Major depression is a severe form of depression that significantly impacts a person’s ability to lead a healthy and productive life. It can affect people of all races, incomes, and background, and is the leading cause of disability in industrialized countries, affecting roughly 1 in 6 people at some point in their lives. Typical symptoms of major depression include feelings of sadness and joylessness, but may also include physical symptoms such as sleep disturbances, low energy, changes in appetite, and fatigue. Problems with concentration, motivation, and decision-making are commonplace as well. Treatments for depression include counseling, cognitive behavioral therapy, medications, transcranial magnetic stimulation, and electroconvulsive therapy (ECT). While these treatments can be effective, they often carry significant side effects and costs, and many people remain depressed despite treatment.

Depression

Patients with major depression were enrolled to receive 8 weeks of eTNS. Subjects had an average decrease in symptom severity of 52% as measured by the Beck Depression Inventory BDI).
Cook et al, Epilepsy and Behavior 2013

Trigeminal Nerve Stimulation (TNS) is a new neuromodulation treatment being developed by NeuroSigma as a treatment for major depression. Trigeminal nerve stimulation for depression has been studied at UCLA for several years, with positive research findings published in 2011 and 2013. This study of 11 subjects demonstrated positive results and found that after 8 weeks of nightly use, subjects with treatment-resistant depression were able to reduce their symptom severity by an average of 52%. These findings are extremely encouraging in this refractory population, and a Phase II double-blind trial is currently in progress.

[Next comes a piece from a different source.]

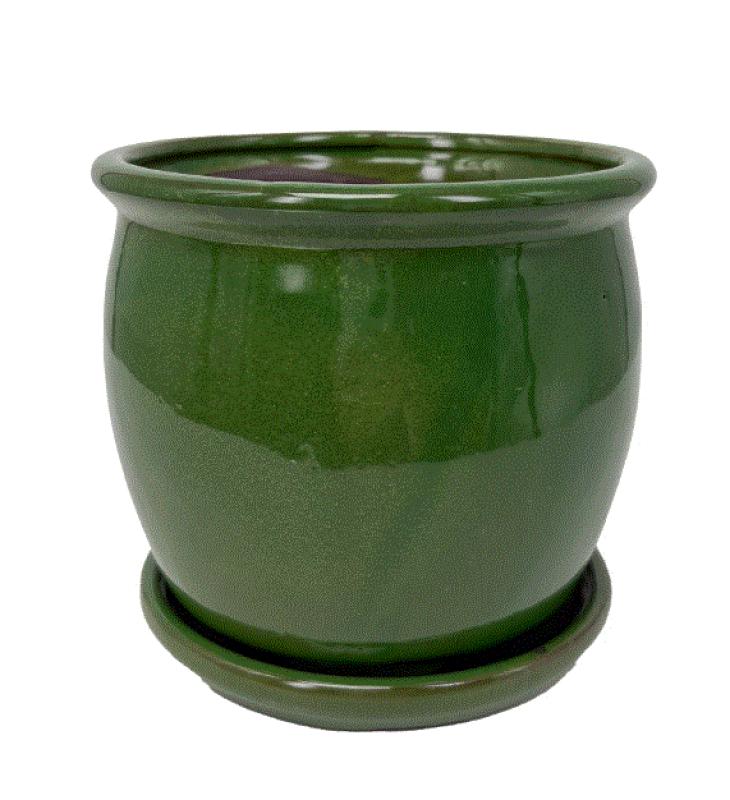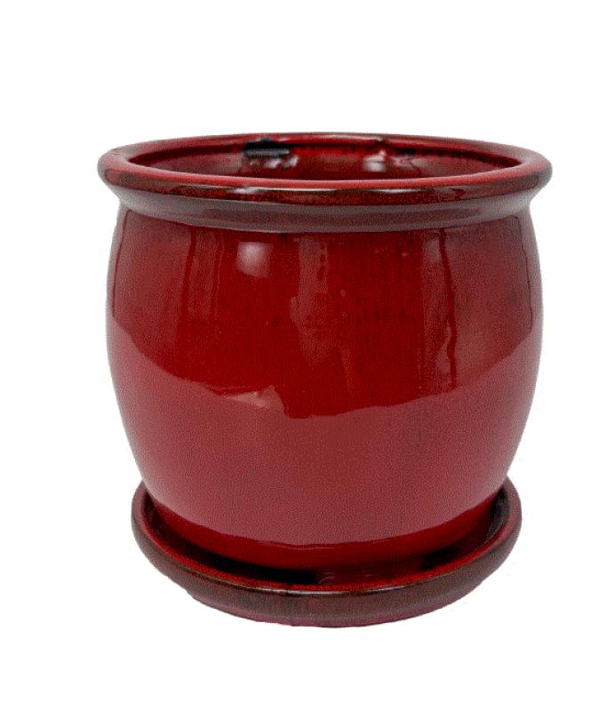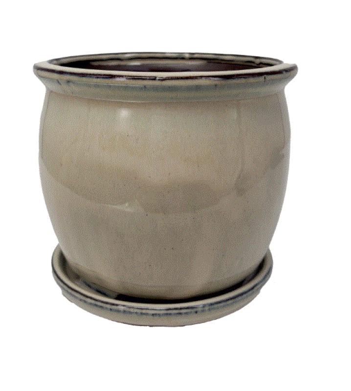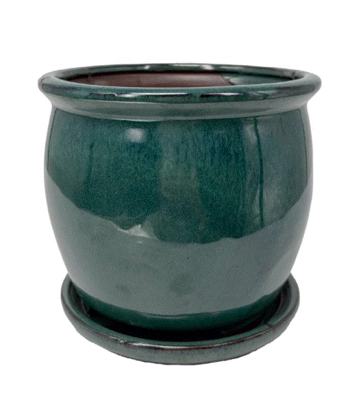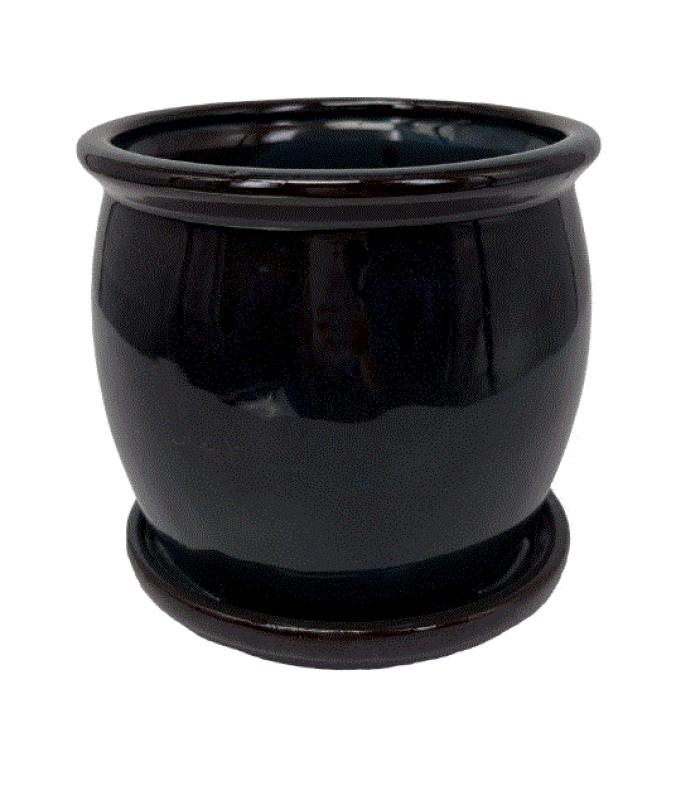 Rimmed Bell Pot W/saucer Border Concepts Beige, Bllue, Green, Red Dk Blue 5.5"W x 5.25"H

Based on these results, NeuroSigma’s Monarch eTNS system has been approved for clinical use in the European Union and Canada. For more information on the Monarch, please visit our specialty site www.monarch-etns.com.

CAUTION: We have not received approval from the FDA to market our eTNS™ system or proposed sTNS™ system in the United States. Our eTNS™ system and proposed sTNS™ system are classified as investigational devices and are limited by Federal (or United States) law to investigational use only.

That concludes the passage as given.